- **Dataset extract**

........

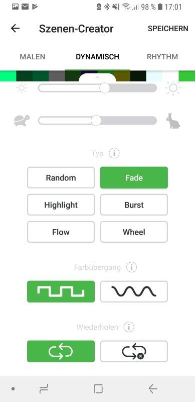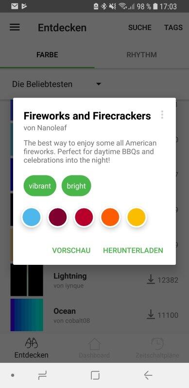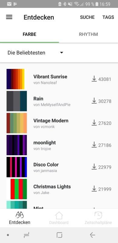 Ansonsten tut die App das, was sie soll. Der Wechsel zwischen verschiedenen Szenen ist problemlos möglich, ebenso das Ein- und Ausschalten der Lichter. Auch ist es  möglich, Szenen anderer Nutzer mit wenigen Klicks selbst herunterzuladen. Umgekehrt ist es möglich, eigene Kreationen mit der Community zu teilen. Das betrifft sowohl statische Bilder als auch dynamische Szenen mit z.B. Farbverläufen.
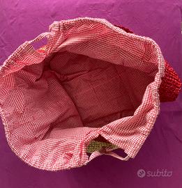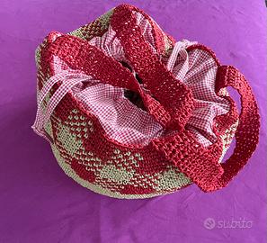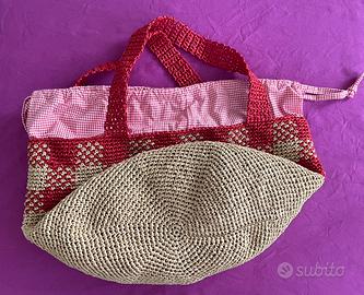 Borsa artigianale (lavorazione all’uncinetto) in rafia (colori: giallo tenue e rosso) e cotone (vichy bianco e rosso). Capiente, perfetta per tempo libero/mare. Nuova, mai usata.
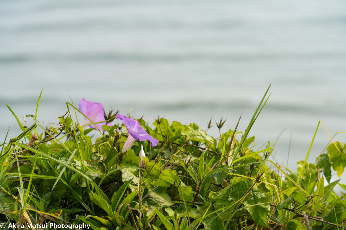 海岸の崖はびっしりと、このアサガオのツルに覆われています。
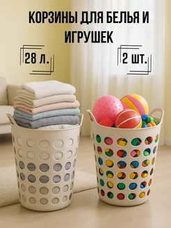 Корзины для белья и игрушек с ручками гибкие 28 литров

........

- **Problem to solve**
Repeat the data word for word. Images are not part of the copy.

- **Answer to the problem**
 Ansonsten tut die App das, was sie soll. Der Wechsel zwischen verschiedenen Szenen ist problemlos möglich, ebenso das Ein- und Ausschalten der Lichter. Auch ist es  möglich, Szenen anderer Nutzer mit wenigen Klicks selbst herunterzuladen. Umgekehrt ist es möglich, eigene Kreationen mit der Community zu teilen. Das betrifft sowohl statische Bilder als auch dynamische Szenen mit z.B. Farbverläufen.
 Borsa artigianale (lavorazione all’uncinetto) in rafia (colori: giallo tenue e rosso) e cotone (vichy bianco e rosso). Capiente, perfetta per tempo libero/mare. Nuova, mai usata.
 海岸の崖はびっしりと、このアサガオのツルに覆われています。
 Корзины для белья и игрушек с ручками гибкие 28 литров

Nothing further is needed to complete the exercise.